Gemma 4 Challenge: Build With Gemma 4 Submission

title: Gemma Forge: Local AI Without the Setup Wall
published: false
description: A local Gemma 4 work harness that turns local AI into a guided, inspectable project workspace.
tags: devchallenge, gemmachallenge, gemma, localai
cover_image: https://raw.githubusercontent.com/TheRefreshCNFT/gemma-forge/main/docs/submission-media/screenshots/current/01-forge-harness-overview.png

This is a submission for the Gemma 4 Challenge: Build with Gemma 4

Gemma Forge harness overview

What I Built

Gemma Forge is a local Gemma 4 work harness that makes local AI useful before the user has to understand the machinery.
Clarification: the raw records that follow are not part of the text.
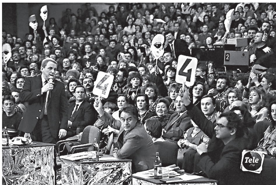
КВН в начале пути

статье тогдашнего уголовного кодекса (незаконные операции с валютой и драгоценными камнями). Это дело получило настолько громкий резонанс, что с самого верха поступило распоряжение прикрыть «рассадник как таковой», и КВН закрыли.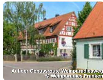
Auf der Genussroute Weinparadiesweg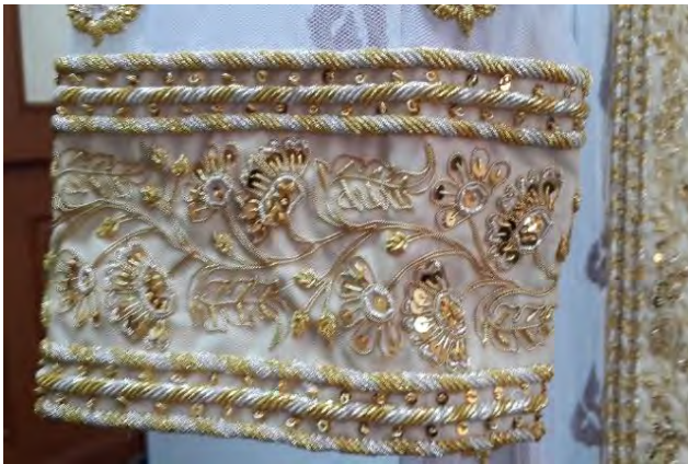
แผนภาพที่ ๖ ลวดลายที่จัดสร้างแล้วเสร็จ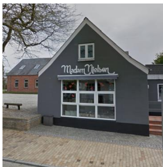
Eksempel på facadeskilt, malet direkte på gavlfacade mod vei.

Bebyggelse i byzone eller samlet bebyggelse i landzone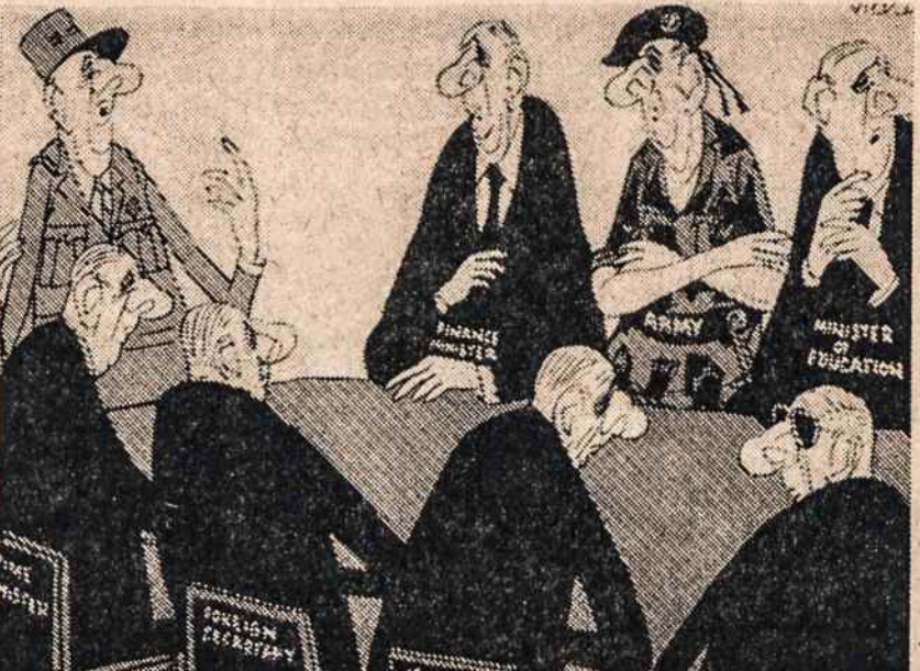
VIENINGA VALDŽIA. Taip Londonio Evening Standard atvaizdavo de Gaulle suteiktus pilnus įgaliojimus.

Prezidentas į raketų centrą Prez. Eisenhoweris vasario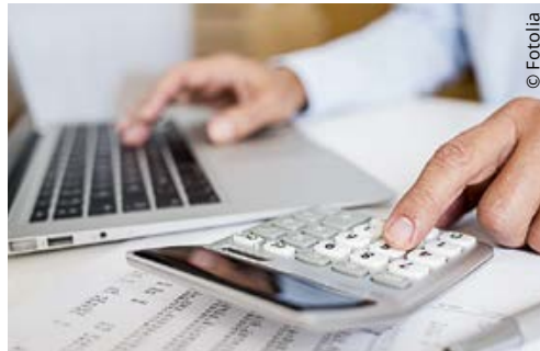
Wie man auch rechnet, das USR III geht für Kantone und Gemeinden nicht auf

Werden die Privilegien ohne flankierende Massnahmen aufgehoben, wird jedoch befürchtet, dass die meisten Statusgesellschaften die Schweiz verlassen. Die Gleichbehandlung mit den übrigen Unternehmen ist ihnen zu teuer. Was tun, um sie hier zu behalten? Über die Ausgestaltung der neuen Regeln und die damit verbundenen Steuerausfälle wird heftig gestritten. Die Ausgestaltung obliegt den Kantonen in dem vom Bund vorgegebenen Rahmen. Auf Details können wir an dieser Stelle nicht eingehen. Die EVP betrachtet die zu gewärtigenden Steuerausfälle von 2,7 Mrd. Franken indessen als viel zu hoch, zumal sie auch Städte und Gemeinden stark treffen. Sie verlangt eine steuerneutrale Lösung. Dafür genügt es, die vorgesehenen massiven Abzugsmöglichkeiten auf ein vernünftiges Mass zu reduzieren. Ein NEIN am 12. Februar macht den Weg dazu frei. An der Delegiertenversammlung entfielen auf diese Parole 72:4 Stimmen.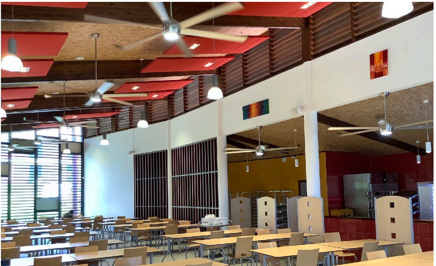
VUE DE L'ORDINAIRE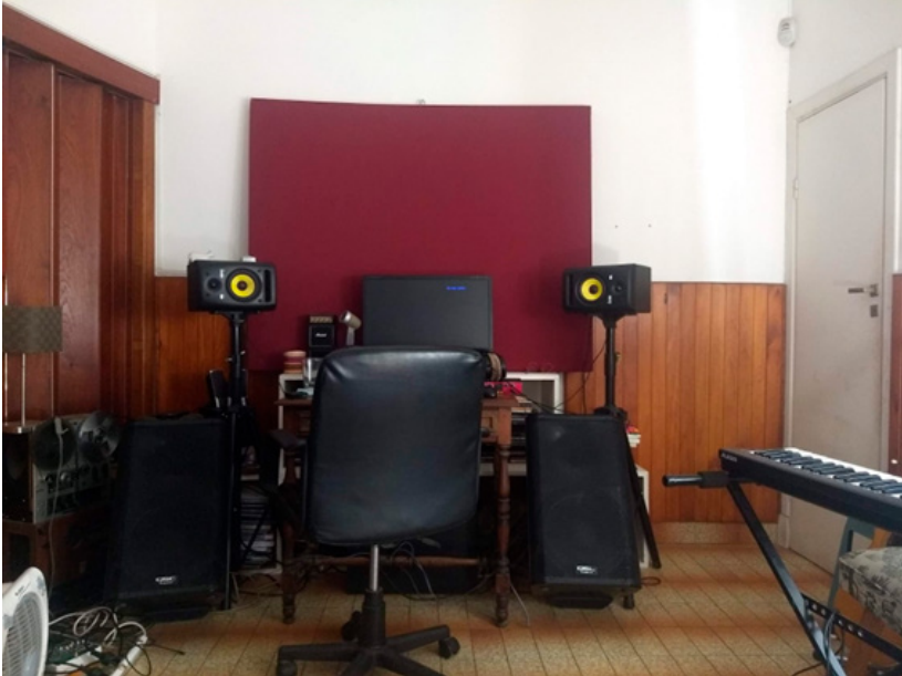
Home Studio. Villa Elisa (mayo de 2015).

Ahora bien, si tuviera que sintetizar, considerando toda la discusión precedente, qué es un sello musical gestionado entre amigos y por qué es importante retener su novedad relativa, diría que se trata de una institución que reúne y hace trabajar recursos, intereses, tecnologías, espacios, amistades, competencias, entrenamientos, compromisos y, entre otros elementos, búsquedas estéticas. En otras palabras, el sello es a la vez una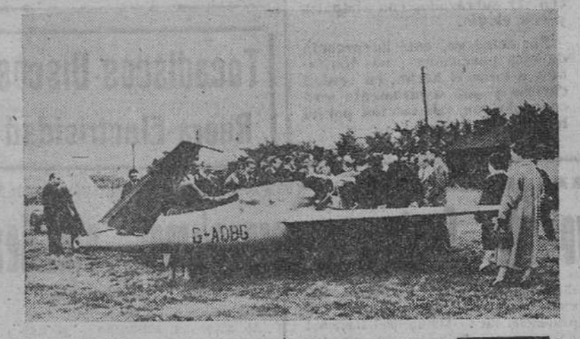
Londres. — Después de un vuelo de pruebas sobre Woodley, los visitantes se agolpan en torno al nuevo avión ligero a reacción británico "Ski" en el que la reducida área de sus alas, su calidad de ataque y potencia en relación con su escaso peso, hacen de él el biplaza reactor más económico del Mundo. Sus asientos están dispuestos en tandem, el delantero para el piloto. En el posterior lleva un duplicado de los mandos, para el aprendizaje elemental del vuelo a reacción.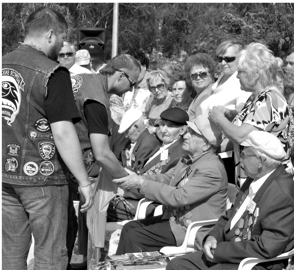
Спасибо за подвиг на Курской дуге!

- Хотим напомнить молодёжи, что нельзя забывать о тех днях. Мы с вами живём благодаря нашим ветеранам. Передаём привет от участников войны, которые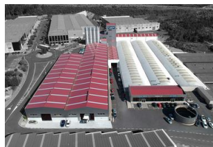
PADRÒN | SPAGNA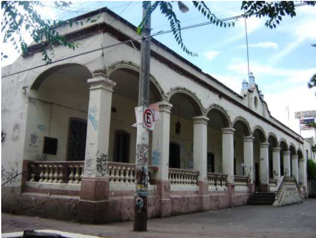
Vista general, 2009.

El inmueble, ubicado en el centro del pueblo, frente a un jardín, cuenta con una escalera de doble rampa simétrica con balaustrada. La fachada presenta un portal que funciona como vestíbulo del edificio y está compuesto por nueve arcos de medio punto apoyados sobre columnas de base cuadrangular. El portal está protegido por una balaustrada interrumpida por dichas columnas. Una cornisa moldurada da pie al remate del edificio, mixtilíneo en la parte central, el cual presenta un escudo con el águila republicana, tres pináculos y un asta bandera.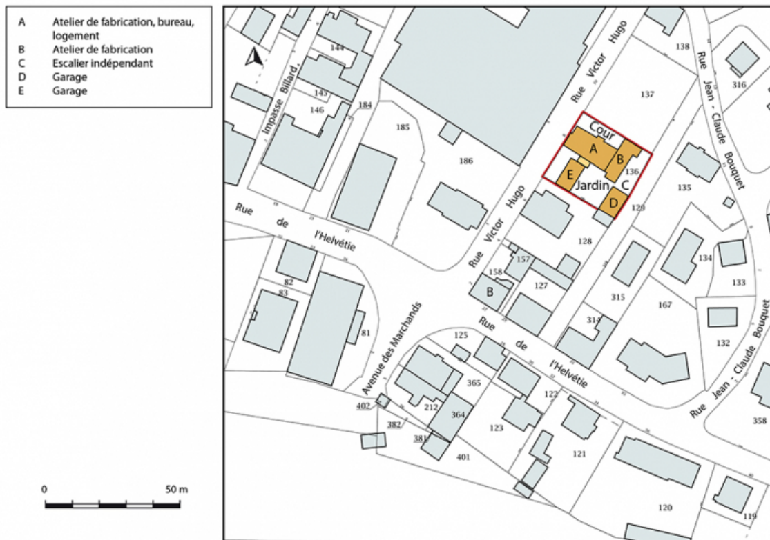
Plan-masse et de situation. Extrait du plan cadastral, 2018, section AF, 1/1 000. 25, Morteau, 8 rue Victor Hugo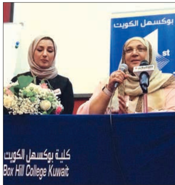
متحدثتان خلال الحملة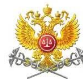
Суд по интеллектуальным правам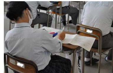
ワークシートに記入する生徒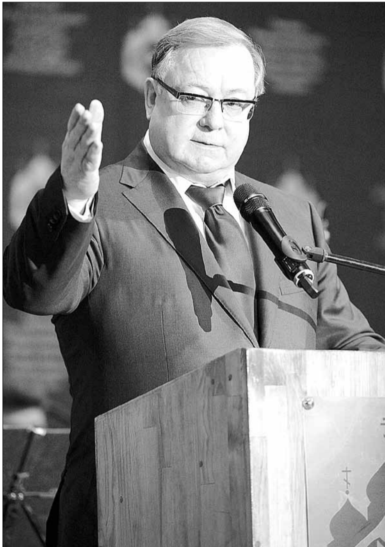
Председатель наблюдательного совета Фонда ЖКХ Сергей Степашин.

Этот вариант решения проблемы ветхого жилья сейчас рассматривает правительство. Решение, я думаю, будет принято в следующем году. Тогда мы и узнаем, по какому пути пойдет переселение из «аварийки». Но то, что программа расселения продолжится и останется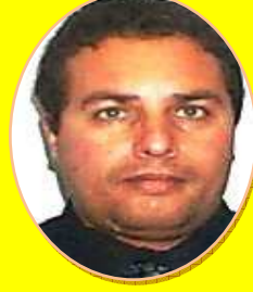
HALYM Mhamed Bagagiste/DOS Hub Med V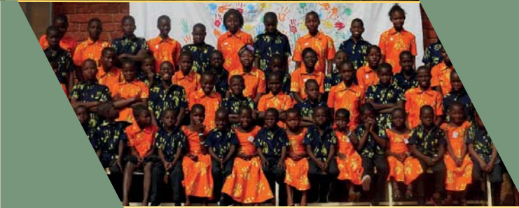
les enfants bénéficiaires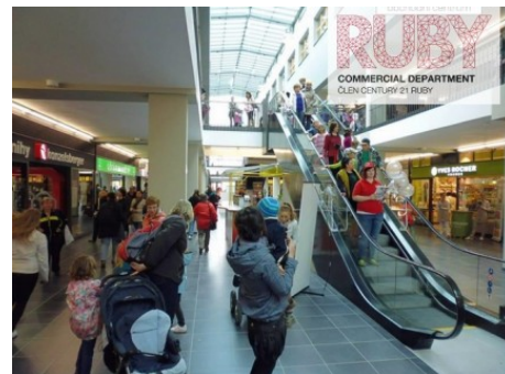
Praha 5 | Archeologická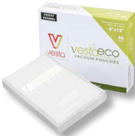
Confezione 50 sacchetti ECO VST 218101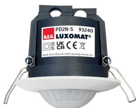
PD2N-S Art.nr.: 93240

Om de bundel volgens de technische specificatie te ontvangen, bestelt u de genoemde items.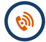
easybell Office Komplett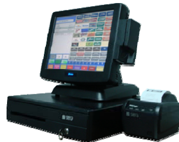
PUNTO DE VENTA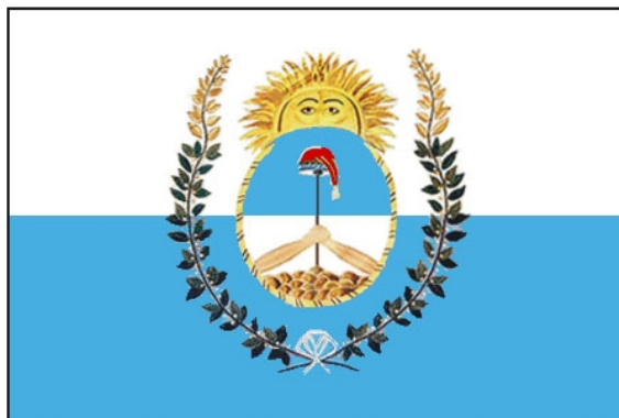
Bandera del Ejército de los Andes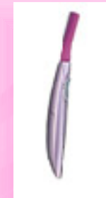
Триммер для бровей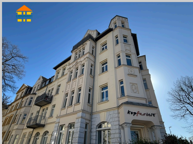
Neefestraße 89 in 09119 Chemnitz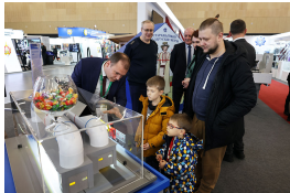
Интересные встречи и яркие впечатления.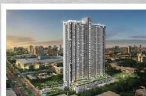
ศุภาลัย ลอฟท์ ตลาดพลู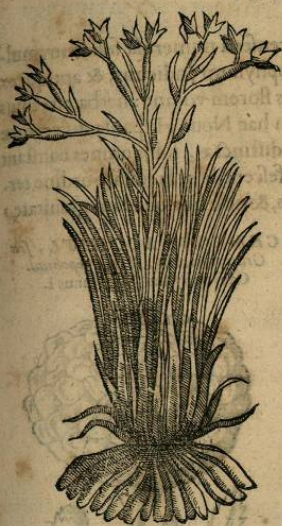
De ÇACATLEPATLI. Cap. XXVII.

C ACATLEPATLIS, quam alij Tetlacian, seu vrentem medicinam vocant, herba est folia proferens Hordei, Graminisq; , flores luteos, calycibus contectos, ac semen exile, & rotundum, radicesq; multas Aphodelo, similes. Nascitur in frigidis locis, qualis est Huesorzinum, & Xalailanum. Radices calci additas, aiunt vetustis vlcibus egregiè mederi, sed præcipuè his, quæ fauorum more multis scatent osculis. dilatatis namque plagis, atque exteris, tandem eo vitio affecti, sanitati restituantur. strumas etiam sanare impositas felici semper euentu, tumores præter naturam rumpere, atque patefacere, curare lychenas, & integram (si opus sit) carnem corrodere, & excauare. calida enim est ordine quarto, & vrenti natura, vnde euenit nomen.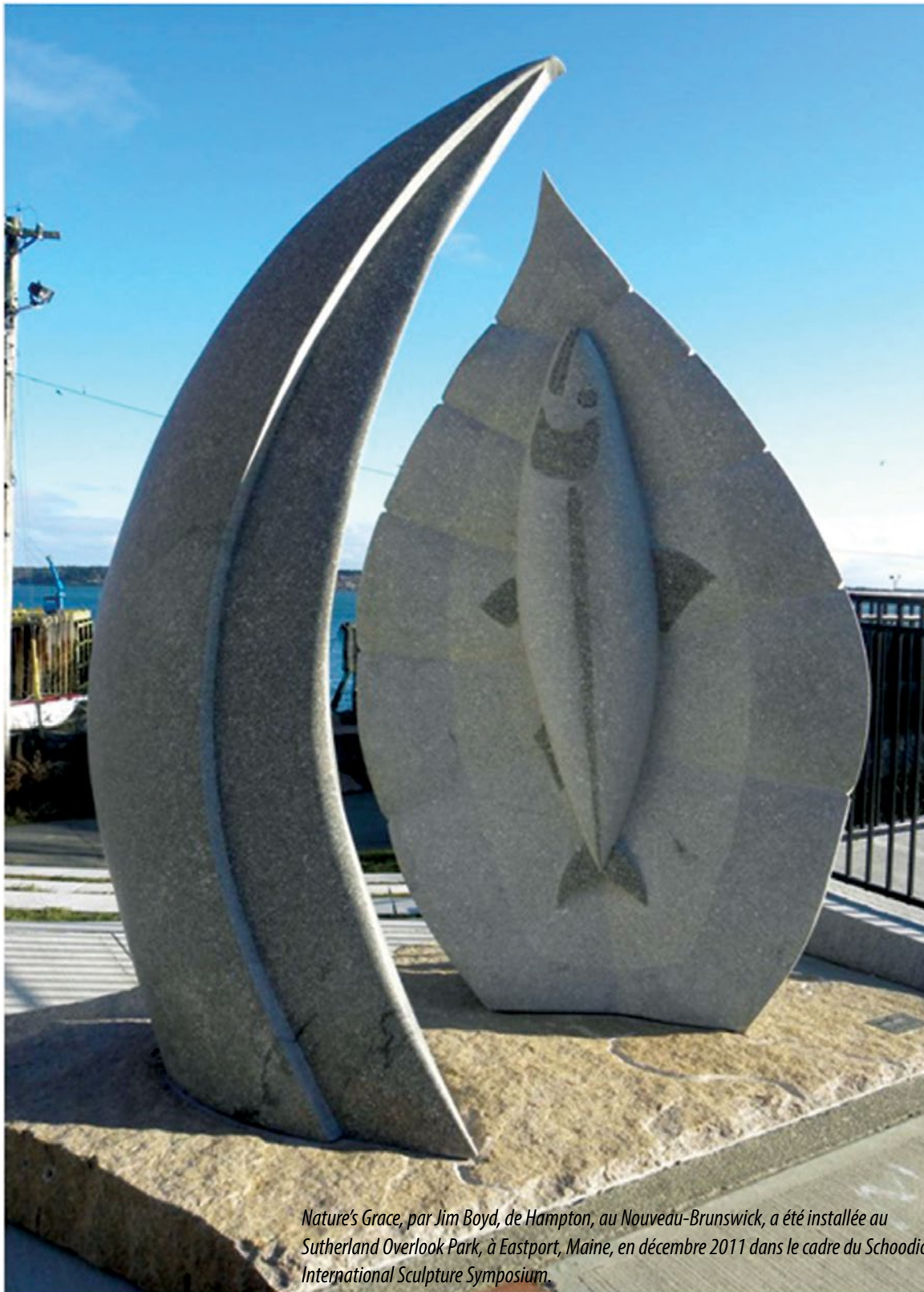
Nature's Grace, par Jim Boyd, de Hampton, au Nouveau-Brunswick, a été installée au Sutherland Overlook Park, à Eastport, Maine, en décembre 2011 dans le cadre du Schoodic International Sculpture Symposium.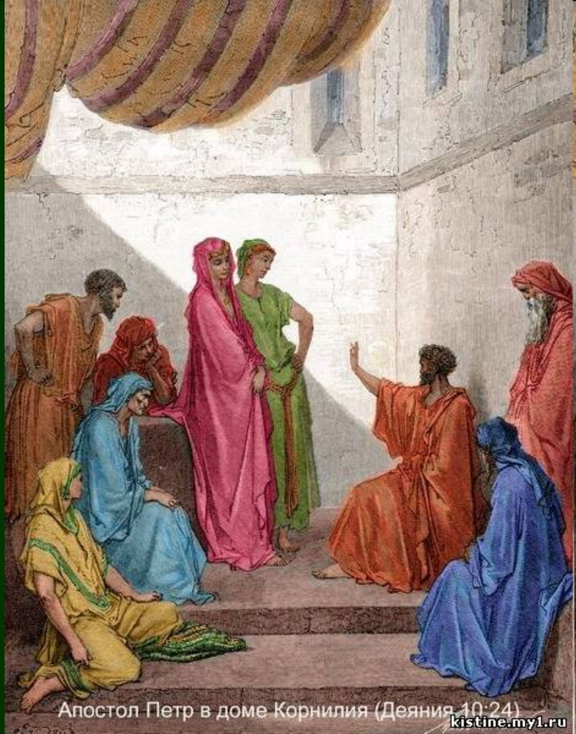
Апостол Петр в доме Корнилия (Деяния 10:24)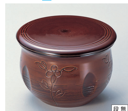
8-355-2 TA 花紋飯器 春慶木目内黒塗 W-7-88 ¥2,300 (10.3φ×7・内寸9.3φ×5.8) 楕100 290cc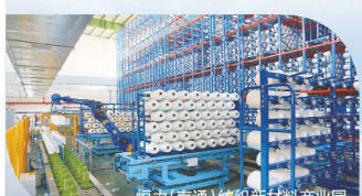
恒力(南通)纺织新材料产业园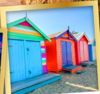
โบสถ์ต้น บาร์ตัง บ็อกซ์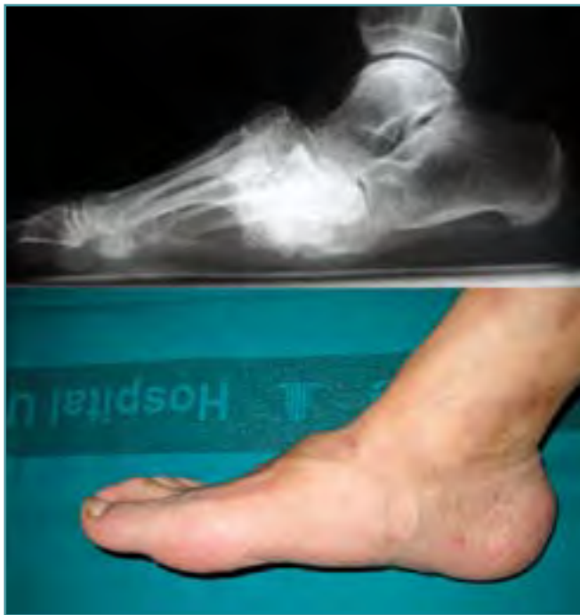
Figura 5. Pie en balancín por artropatía de Charcot.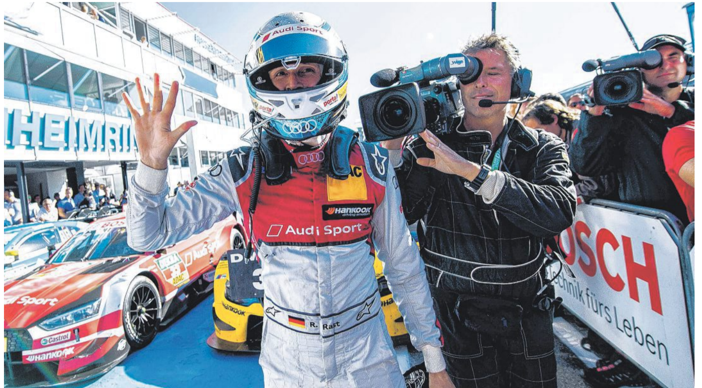
Die Fünf ist voll: DTM-Titelverteidiger René Rast setzte seine Siegesserie in Hockenheim fort.

„Jetzt ist alles möglich“, sagt René Rast, der mit 30 Punkten Rückstand nach Hockenheim gereist war und diesen nach dem ersten von zwei Rennen am Wochenen-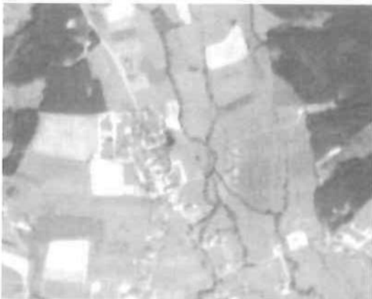
Abb. 2: Ausschnitt aus dem panchromatischen Kanal von IRS-1C: Wäsen in Oberösterreich

Das erste System welches nun tatsächlich in Betrieb gehen dürfte wird im Sommer 1997 der „Quick Bird“ der Firma „EarthWatch“ sein [W3]. Er soll mit einer Start-1 Rakete (eine umgebaute SS-25 Interkontinentalrakete) vom neuen russischen Kosmodrom Svobodny aus in die Umlaufbahn gebracht werden. Der Satellit wird im panchromatischen Bereich 3m und multispektral 15m Pixel-Auflösung haben (Tab. 3). Dieselbe Firma hat für einen Start im Jahr 1998 einen weiteren Satelliten „Quick Bird“ angekündigt,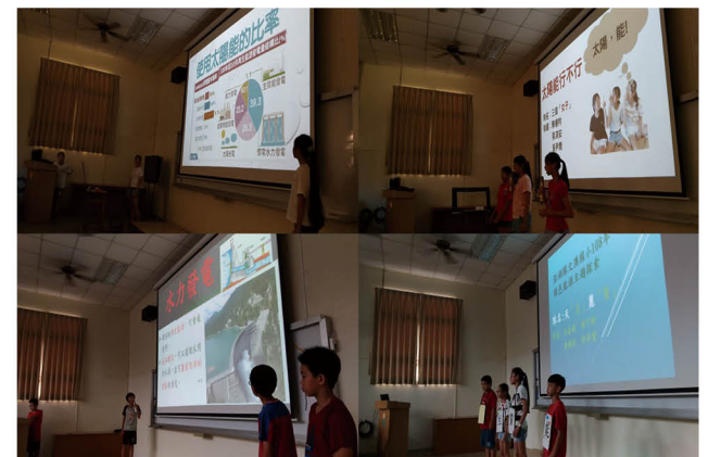
能源教育主題探索活動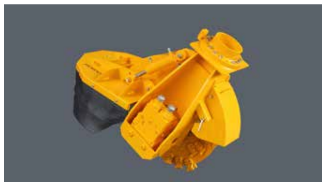
SCE-800H in Basisausstattung für Ölmenge zwischen 80 und 160 L/min

Die SCE-800H ist die größte Stubbenfräse aus dieser Serie. Die SCE-800H ist mit einem Fräserad mit einem Durchmesser von 80 cm (89 cm mit Zähnen) ausgestattet. Die Maschinen werden standardmäßig mit einem mechanisch einstellbarem hydraulik Motor geliefert. Sie sind für jeden Hydraulik-Bagger mit einem Öldurchfluss von 80 bis 160 l/min (max. 420 bar) geeignet und können für die meisten Bagger mit einem Gewicht von 10 bis 20 Tonnen verwendet werden.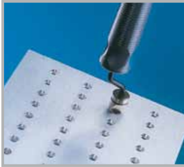
chanfreinage de trous Ø 0,4 à Ø 16 mm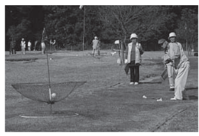
■ターゲットバードゴルフ場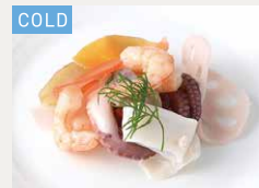
シーフード サラダ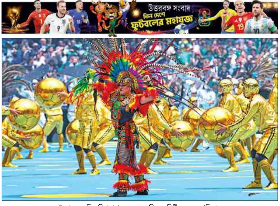
উদ্বোধনে রঙিন বিশ্বকাপ ২০২৬। মেক্সিকো সিটিতে। বৃহস্পতিবার।

The goal is simple: everyone should be able to use local AI. Gemma Forge opens that door by putting Gemma 4 behind a guided workbench instead of a setup wall.

On first launch, Gemma Forge scans the user's machine, checks Ollama and model readiness, installs or verifies the local toolchain, stages bundled skills, and opens a project-focused workspace. From there, the user can describe what they want done in plain language. Gemma Forge turns that request into protocol cards for context, planning, execution, code intelligence, verification, and handoff.

Most consumers do not need to manage elaborate memory systems. They need useful work completed. Most businesses do not need extra ceremony either. They need planning, execution, testing, evaluation, delivery, and a clean handoff. Gemma Forge lets the user give the local model a direction, add the skills the project needs, and let the harness keep the work scoped, observable, and verifiable.

Gemma Forge comes pre-fueled with bundled skills for planning, code writing, UI/UX, scraping, PDF work, MCP servers, codebase search, structural analysis, and handoff discipline. Need more fire? Drop in a skill. If the user does not know how to create one, Gemma Forge maintenance mode can help scaffold, stage, and verify a new skill through a controlled allowlist flow.

The project is built in the open-source spirit of Gemma 4: local, inspectable, extensible, and practical for people who want AI they can run and adapt on their own machine.

Demo

Demo media and screenshots are available in the repository:

https://github.com/TheRefreshCNFT/gemma-forge/tree/main/docs/submission-media

https://github.com/TheRefreshCNFT/gemma-forge/releases/download/contest-video-20260524-232825/gemma-forge-contest-demo-20260524-232825.mov

Here is the product flow I would show in the walkthrough:

  1. Launch Gemma Forge and show the workspace scan.
  2. Show Forge Engine readiness and the selected Forge Brain.
  3. Start a no-directory project from a plain-language goal.
  4. Run Full Forge with Human Verify off.
  5. Watch Project Context, GSD Planning, Project Execution, Verification, and Handoff move through the protocol cards.
  6. Open the generated artifact.
  7. Show Settings with model route proof and local error visibility.

The main harness screen keeps local readiness, model selection, and workspace status visible in one place.

Forge Harness readiness view

New work starts with a plain-language project seed, then moves through protocol cards instead of disappearing into a loose chat thread.

Project intake and protocol cards

Forge Station shows the live evidence stream: card starts, skill selection, staged skills, browser fetches, status codes, character counts, screenshot captures, and other work events.

Forge Station evidence stream

Gemma Forge also leaves receipts on disk. This workspace screenshot shows the output of a real session: project context, GSD planning, research, execution notes, extra reviews, verification, handoff files, screenshots from browsed sources, and the generated index.html artifact.

Workspace artifacts and generated project files

Settings keeps model management local and explicit. Users can import installed Ollama models, search Hugging Face, name an Ollama model, provision supported repos, and confirm which model the harness actually called last.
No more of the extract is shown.